Below are some entries. Transcribe the lines from the one holding "작은 노란색 오리 아동복" to the one holding "Üzerinde rakam bulunan", inclusive, but not the pictures among them.

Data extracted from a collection
[Start of section]
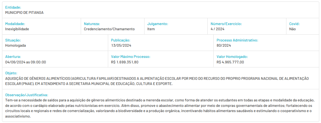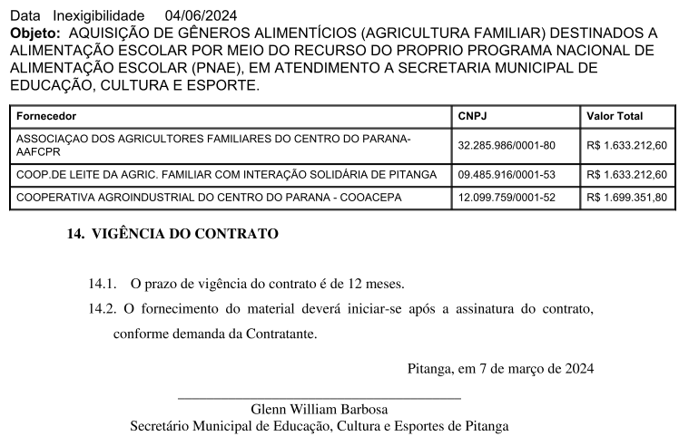 A Associação dos Agricultores Familiares do Centro do Paraná – AAFCPR, CNPJ nº 32.285.986/0001-80, que consta a sua localização, na Rua Conselheiro Zacarias, 644, no Centro da cidade de Pitanga/PR, e que tem como representante, o Sr. José Airso Zerbinatti, que mora no Sitio Ouro Verde, no interior do Município de Borrazópolis/PR, que foram recentemente contratados tanto juridicamente como pessoa física, pela Prefeitura de Santa Maria do Oeste com um valor total de R$ 196.860,19 para o fornecimento da merenda escolar naquele município, a tempo esta mesma Cooperativa vem fornecendo merenda escolar para o Município de Pitanga e, o último contrato, venceu agora em 07 de março de 2025, com um valor de R$ 1.633.212,60.
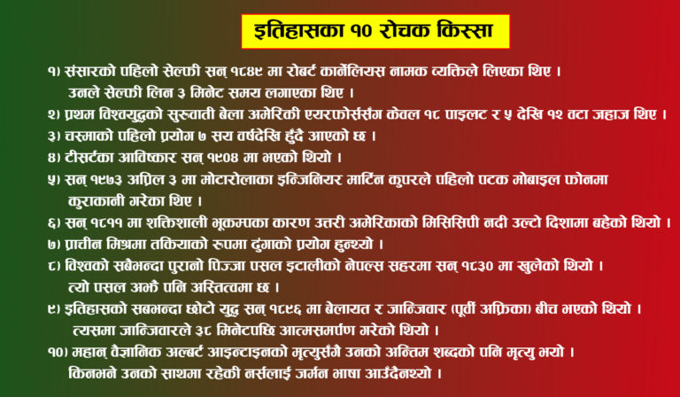 १०) महान् वैज्ञानिक अल्बर्ट आइन्टाइनको मृत्युसँगै उनको अन्तिम शब्दको पनि मृत्यु भयो । किनभने उनको साथमा रहेकी नर्सलाई जर्मन भाषा आउँदैनथ्यो ।
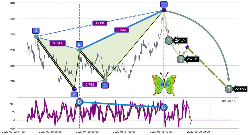➣ 已完成【蝴蝶】形态起点X: 02-09:09, 终点D: 04-11:14, 共212交易小时
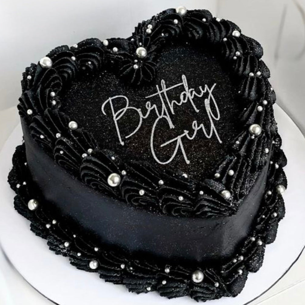 Send your best wishes with this trendy Heart Cake!  This gorgeous creation is composed of sponge cake in the shape of a heart, in black with elegant piping design on top of the cake and finally decorated with edible glitter sparkling & shining the cake.
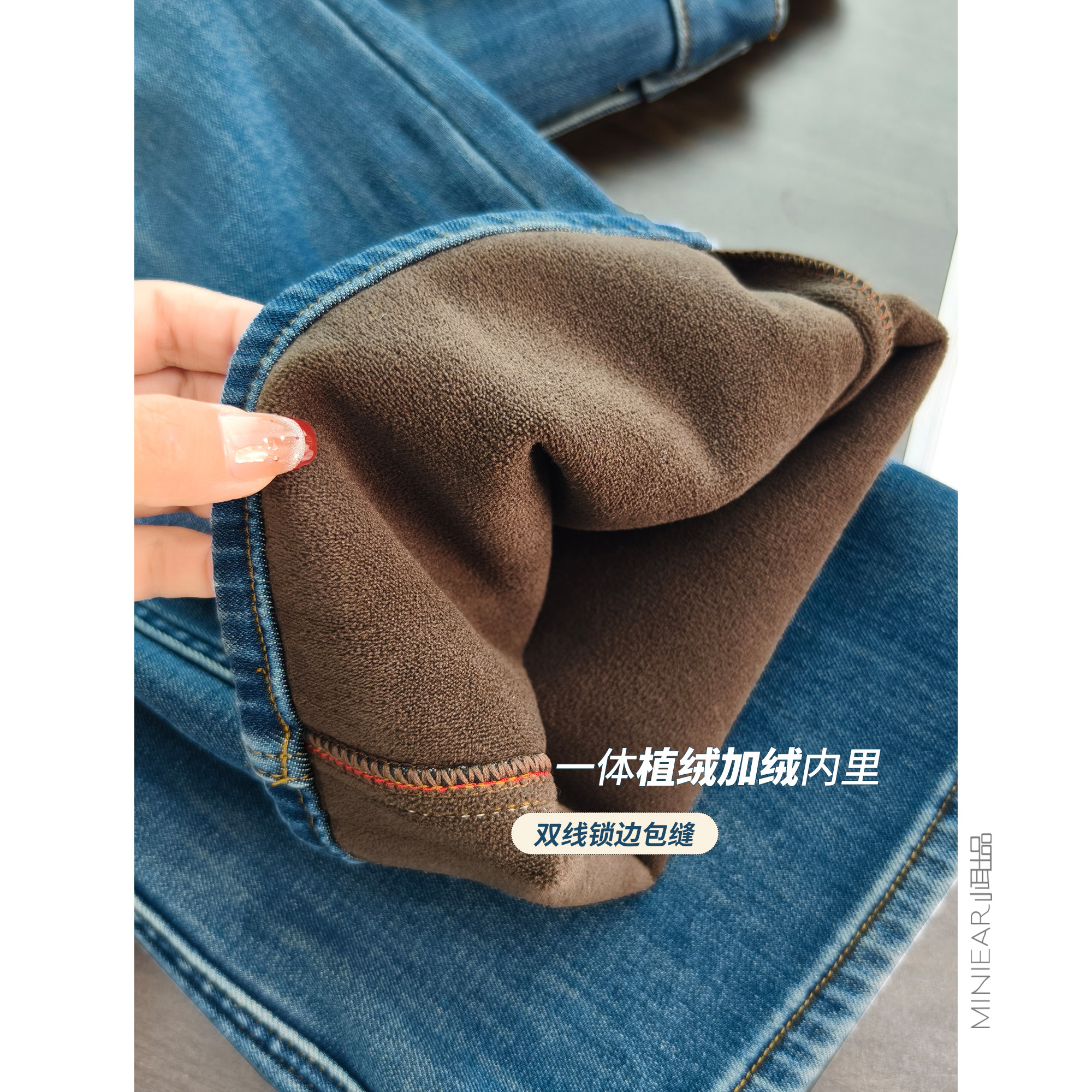 复古浅色裤 宽松长裤 子加绒牛仔裤 加厚保暖直筒裤 女冬季 tingtings
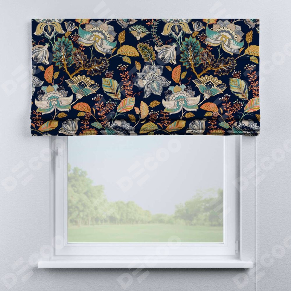 Римская штора «Кортин» для проема «Тёмный букет» отлично подойдёт для интерьера: в кухню, в спальню и на балкон.
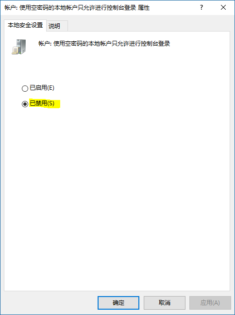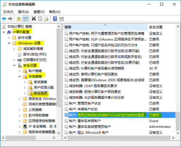 然后,在打开的组策略窗口中,依次选择计算机配置→Windows 设置→安全设置→本地策略→安全选项,然后在右边窗口中找到账户:使用空密码的本地账户只允许进行控制台登陆选项,双击打开。
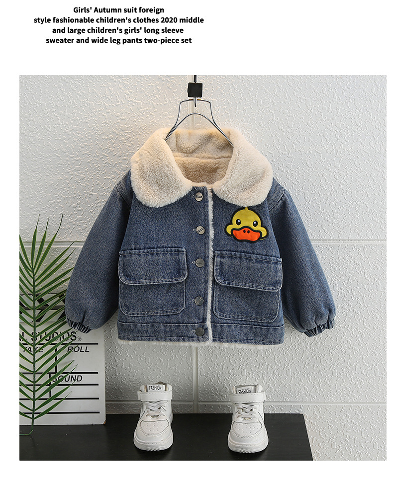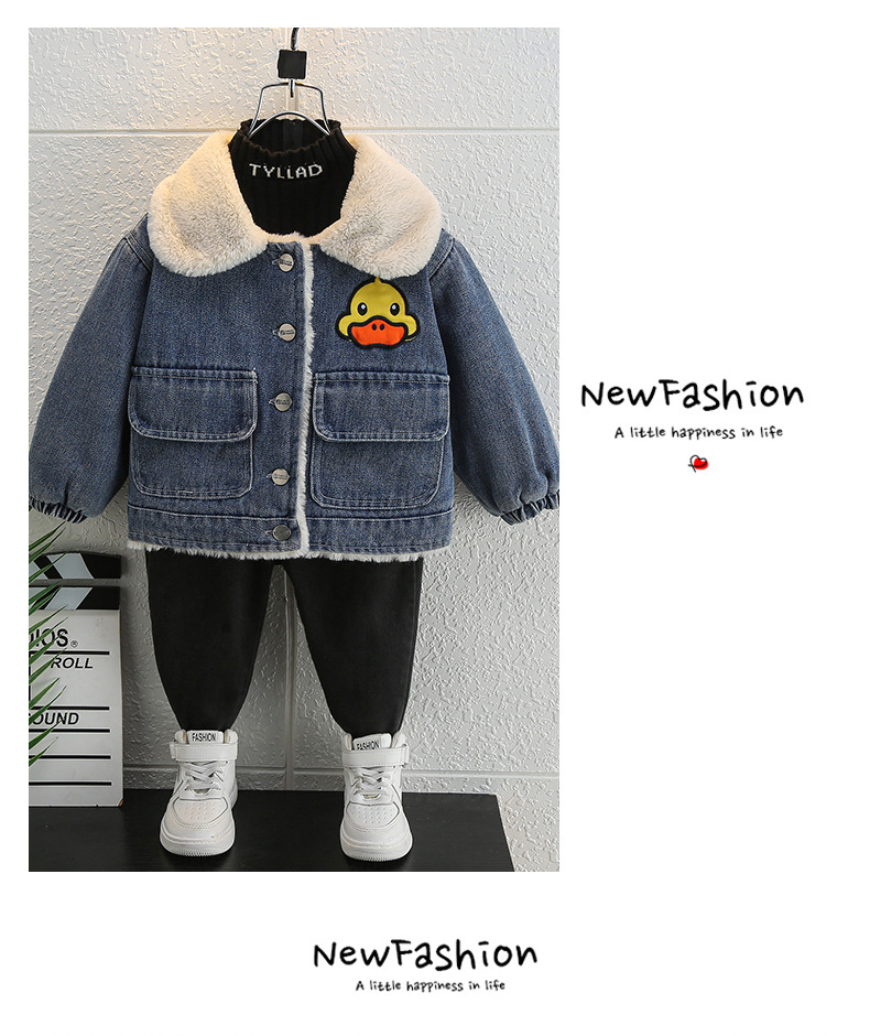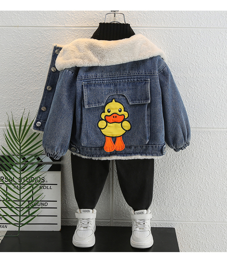 작은 노란색 오리 아동복 소년 기모 데님 코트 가을과 겨울 2024 새로운 남성 아기 두꺼운 옷 어린이 겨울 의류
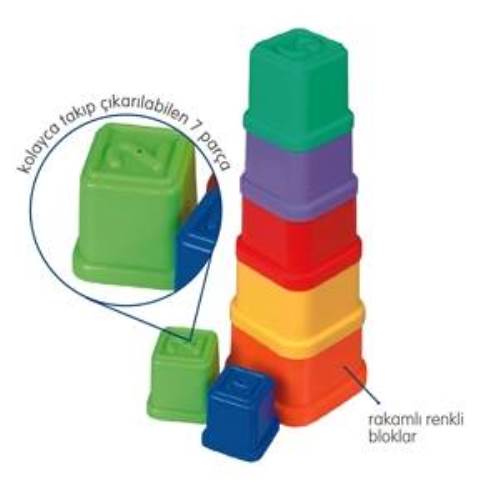 Üzerinde rakam bulunan eğitici kutular ,Parlak ve dikkat çekici kule ,İç içe geçebilen 7 parça BL1027
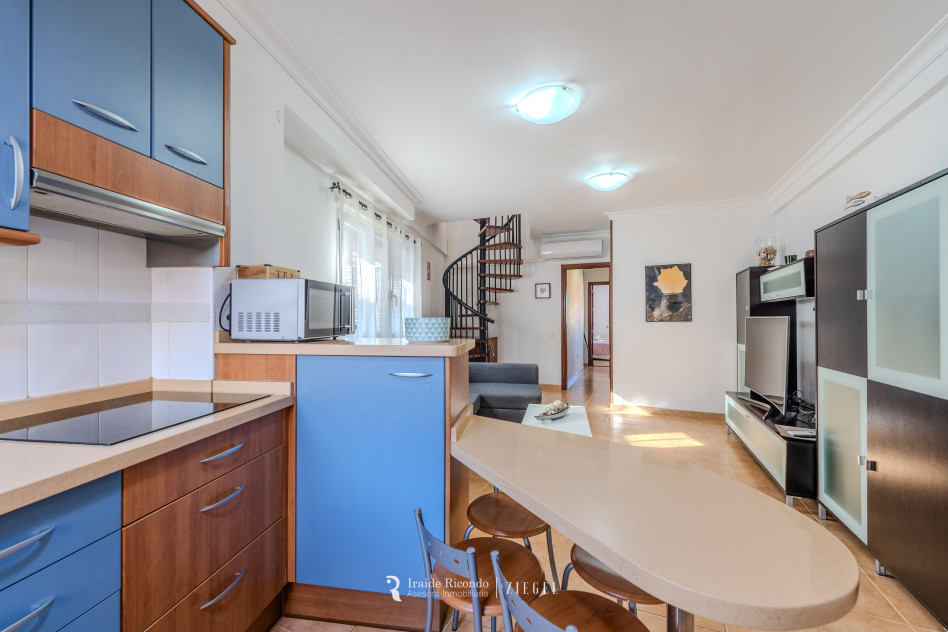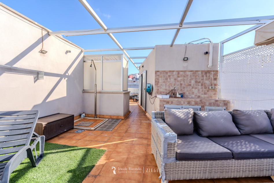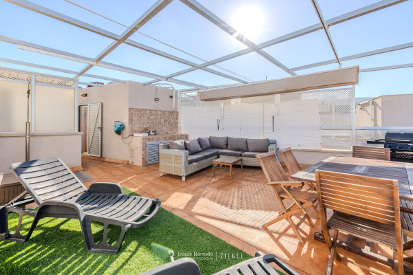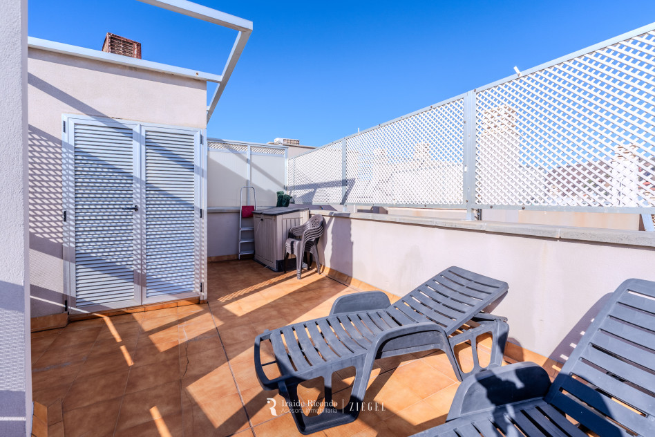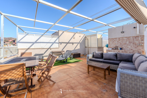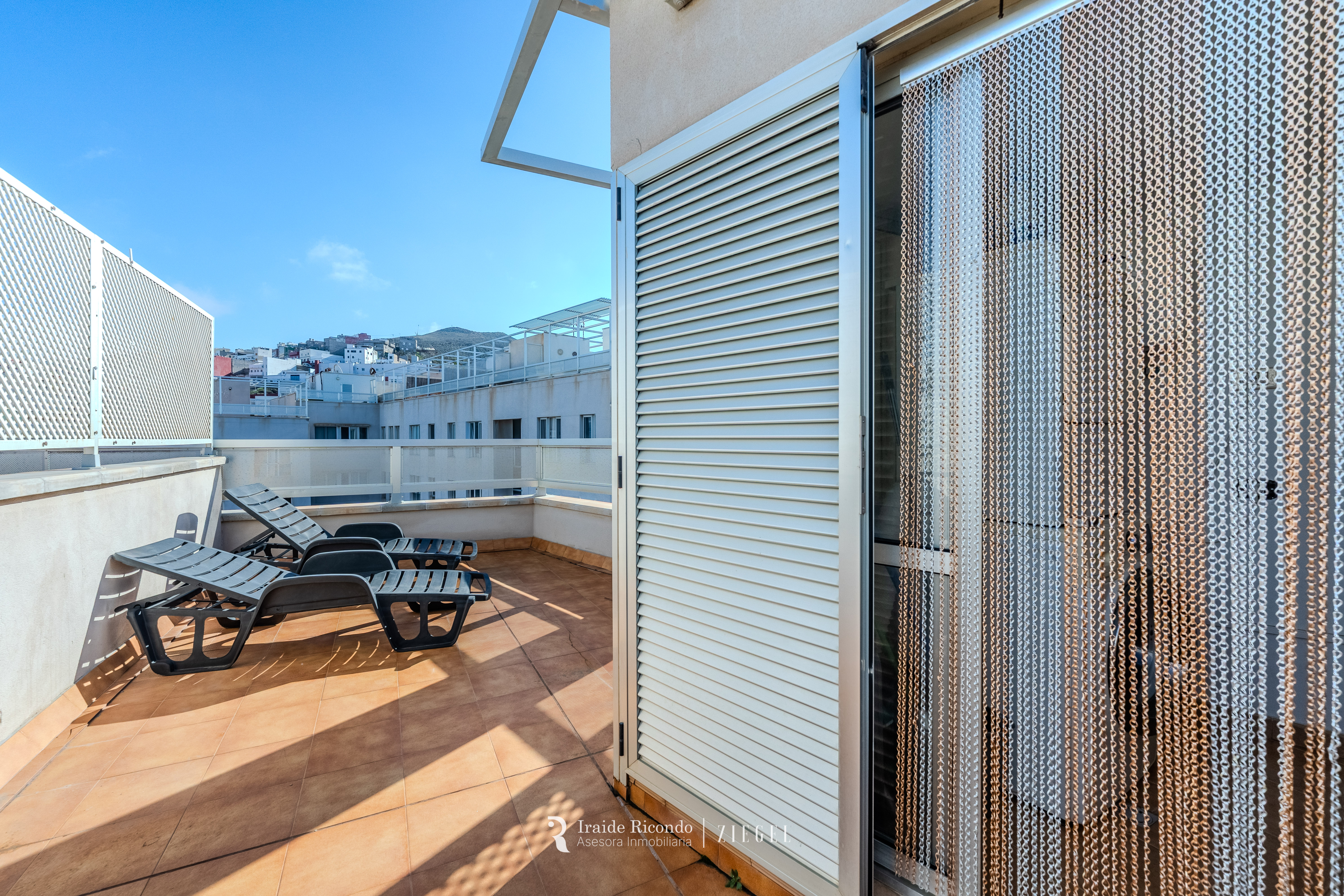 Desde el salón, una escalera de caracol conduce a la planta superior, donde se encuentra una práctica zona destinada a lavandería (lavadora y secadora) y el verdadero valor diferencial de la propiedad: una espectacular terraza privativa descubierta de aproximadamente 60 m² con vistas despejadas al mar. Este espacio permite crear distintos ambientes perfectamente definidos, como zona de barbacoa, comedor exterior y área de solárium, ideal para disfrutar del clima privilegiado de la zona durante todo el año.
[End of section]
*Reply to the exercise*.
 작은 노란색 오리 아동복 소년 기모 데님 코트 가을과 겨울 2024 새로운 남성 아기 두꺼운 옷 어린이 겨울 의류
 Üzerinde rakam bulunan eğitici kutular ,Parlak ve dikkat çekici kule ,İç içe geçebilen 7 parça BL1027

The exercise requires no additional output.